June 28, 2003

Corporations. Coffee. Companies.

Enough of the current Orwell's-hundredth-birthday Royal Society of Chemistry brouhaha to get a Loughborough lecturer to tell us that the milk should go in first. Enough of tea, and of the people who spoil it with milk.

I prefer tea and filter coffee black. I don't like raw milk; it just goes rancid while I'm not looking. I'm not going to buy milk. (When I have cereal, I put apple juice on it, although that tends to turn to bad cider while I'm not looking.)

For some time, I've been on the quest for the ideal cappucino. This is itself made more difficult by disliking milk. So, enter the instant cappucino mix, which is basically powdered instant coffee, milk powder (remember the introduction of Coffee-Mate in the 1970s?), and foaming agents. Available sweetened and unsweetened (but the sugary versions foam better). I have tried:

Douwe Egberts Instant Cappucino.
One big bag of powder that's hard to divide up and meter, although it's fine when done right.
Nestlé's Instant Cappucino.
Individual 12.5g sachets that are just too small to make a decent-size cup. Chocolate powder sealed in its own plastic shaker; the sweetened comes with Plain Chocolate topping, but the unsweetened has Swiss Chocolate topping, presumably to make up for its poor (if improved) foaming and general resemblance to instant coffee plus Coffee-Mate. And those ingredients lists... two stabilisers? Salt?
Maxwell House unsweetened.
Individual 14g sachets that make a large cappucino in my favourite metal mug, but the included packet of Terry's Chocolate Flavour Powder is quite awful, and rarely used.

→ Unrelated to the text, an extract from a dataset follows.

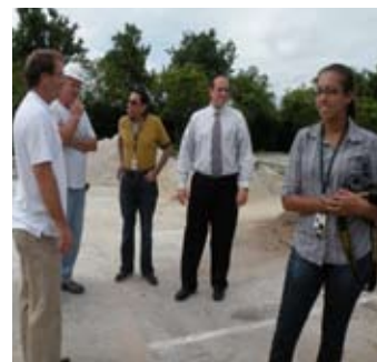
The Jewish Journal interviewed HDS leadership and faculty for a story about the new Middle School building.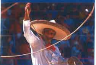
Enjoy the sights and sounds of San Antonio

The combination of Maxwell House unsweetened with Nestlé's Swiss Chocolate topping is the best combination I've yet found, and certainly the easiest to mix and foam when you're in a hurry. Pouring the hot water onto the back of a spoon works particularly well.

But if I take my instant cappucino sans sugar, and, once the decent chocolate has run out, sans chocolate, can I really still call it a cappucino? No. And it's a moot point, really. The ideal cappucino is really the cappucino taken in ideal company.

Posted by Lloyd Wood at June 28, 2003 01:12 AM
Comments

And then there's residue once the cup is emptied. The Maxwell House is the clean winner here. Once again, I have to wonder what the Nescafé contains.